Instructions to follow
Take the lines below from the one with "Thrombus resolution starts" through the one with "But a snapshot" and retype them exactly. Include nothing else, and no pictures.

BEGIN Data in this exercise

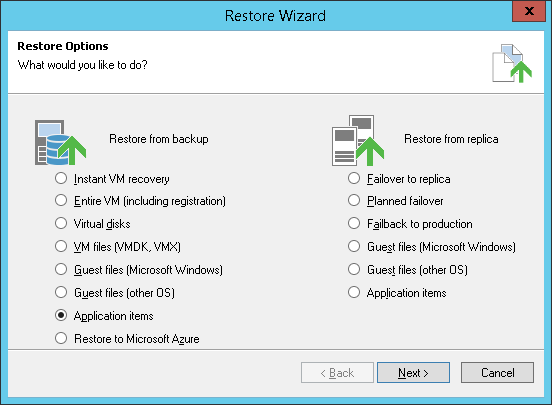 - In the Veeam Backup & Replication console, go to the Home tab, and click Restore. In the Restore Wizard window, select Application Items. You will be taken to the Step 1. Select Application of the Microsoft SharePoint Item Restore Wizard.
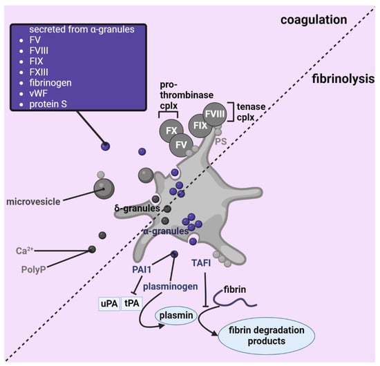Thrombus resolution starts with the process of breaking down crosslinked fibrin strands in a process called fibrinolysis. Defective fibrinolysis can lead to several chronic and acute pathologies, mostly linked to haematological disorders []. The main fibrinolysin is plasmin, a protease resulting from the cleavage of inactive circulating plasminogen. Comparable to coagulation, fibrinolysis is tightly controlled with several specific proteases, cofactors and protease inhibitors that all have a part to play in ensuring correct thrombus fibrinolysis. Platelets provide the PS-positive surface to allow efficient fibrinolysis (Figure 2). In addition, several reports show that platelets store and secrete both fibrinolytics, such as plasminogen [,] and antifibrinolytic agents including the plasminogen activator inhibitor-1 [] and thrombin activatable fibrinolysis inhibitor []. Secretion of these factors make platelets key mediators of fibrinolysis.
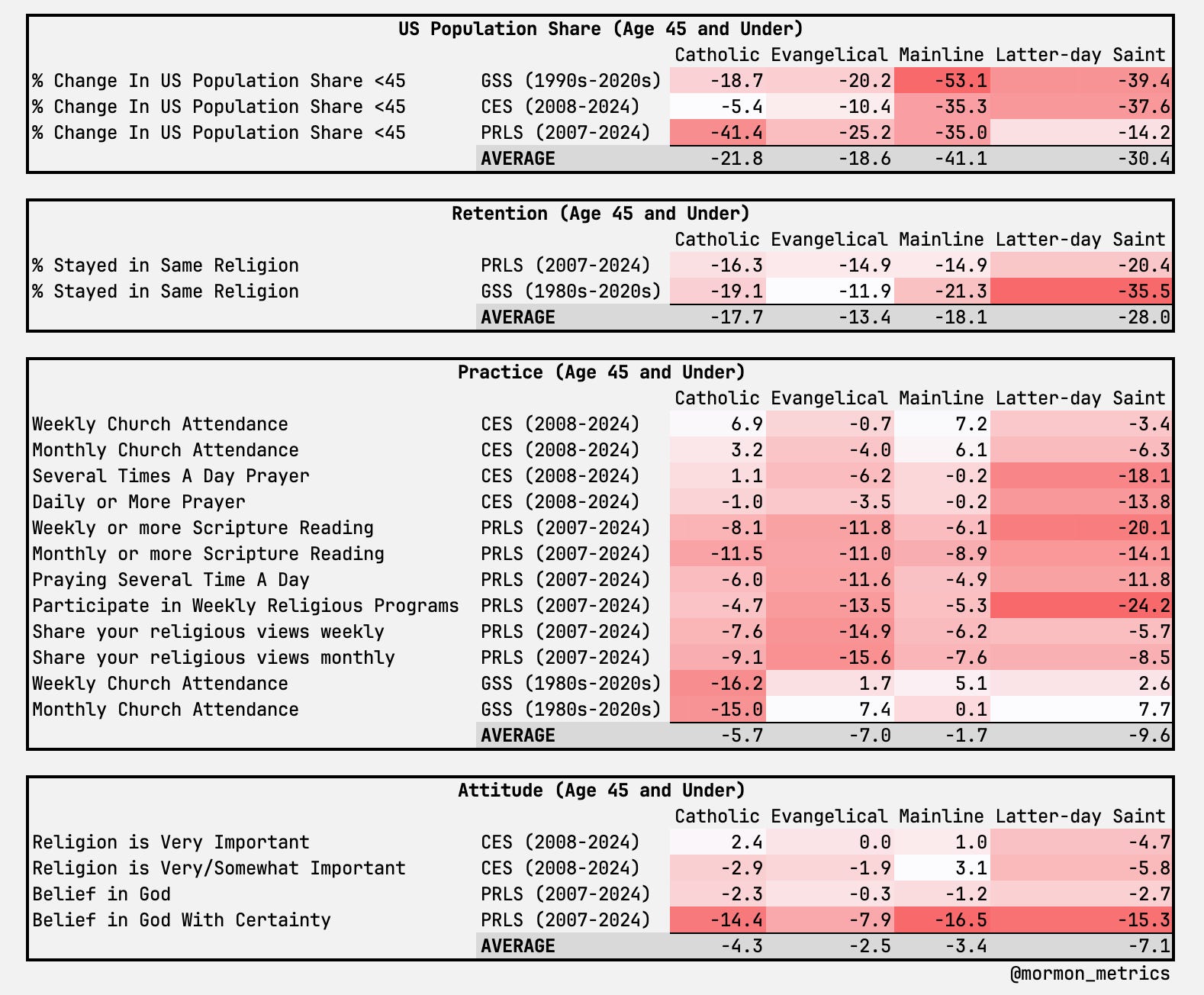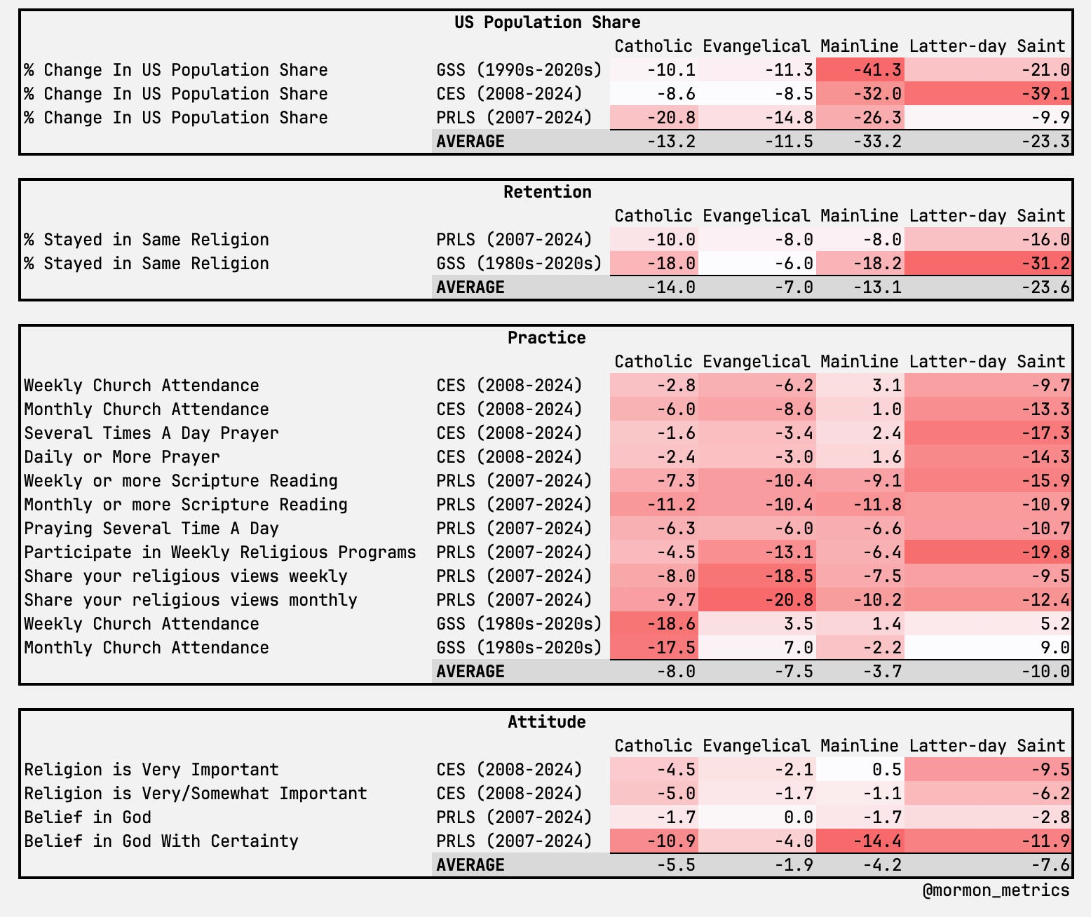 But a snapshot only tells part of the story. When you ask not just “how devout are members today” but “how has that changed over time,” some important patterns emerge. Across retention, religious practice, and religious attitudes, Latter-day Saints are declining faster than comparable Christian traditions — not just losing members at the margins, but showing steeper drops in prayer, scripture reading, and church attendance among those who still identify.
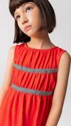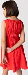 Kırmızı rengi ve göğsündeki büzgü detaylarıyla dikkat çeken bu kolsuz, sıfır yaka yaz elbisesi, siyah-beyaz şeritleriyle modern bir tarz sunuyor. Günlük kullanımda rahatlık ve şıklık arayanlar için ideal olan bu elbise, yazın vazgeçilmez bir parçası olacak.
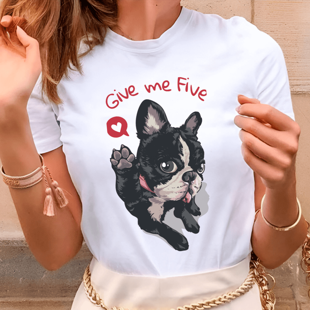 Tricou Casual Damă Engros Alb | Give Me Five | Bumbac Organic 100%, 160 g/m²
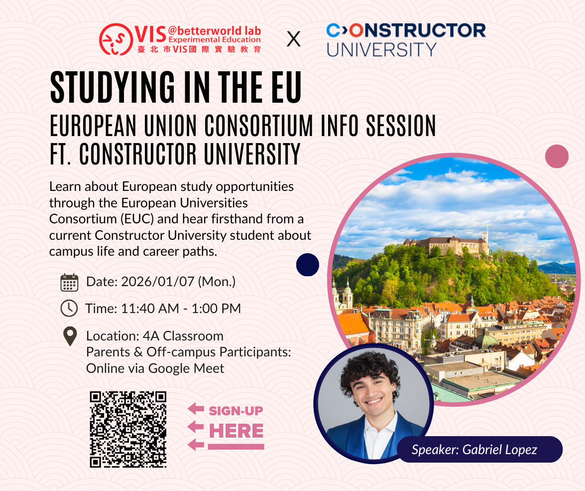 該聯盟由分布於歐洲各地的 7 所大學 組成,致力於提供學生多元且具國際視野的高等教育選擇。本次活動特別邀請目前就讀於 Constructor University 的在學學生 Gabriel Lopez,親自分享他的校園生活、學習經驗,以及未來職涯發展的方向,協助同學與家長更全面了解歐洲大學的學習環境與優勢。

END Data in this exercise

Answer to this exercise
Thrombus resolution starts with the process of breaking down crosslinked fibrin strands in a process called fibrinolysis. Defective fibrinolysis can lead to several chronic and acute pathologies, mostly linked to haematological disorders []. The main fibrinolysin is plasmin, a protease resulting from the cleavage of inactive circulating plasminogen. Comparable to coagulation, fibrinolysis is tightly controlled with several specific proteases, cofactors and protease inhibitors that all have a part to play in ensuring correct thrombus fibrinolysis. Platelets provide the PS-positive surface to allow efficient fibrinolysis (Figure 2). In addition, several reports show that platelets store and secrete both fibrinolytics, such as plasminogen [,] and antifibrinolytic agents including the plasminogen activator inhibitor-1 [] and thrombin activatable fibrinolysis inhibitor []. Secretion of these factors make platelets key mediators of fibrinolysis.
 But a snapshot only tells part of the story. When you ask not just “how devout are members today” but “how has that changed over time,” some important patterns emerge. Across retention, religious practice, and religious attitudes, Latter-day Saints are declining faster than comparable Christian traditions — not just losing members at the margins, but showing steeper drops in prayer, scripture reading, and church attendance among those who still identify.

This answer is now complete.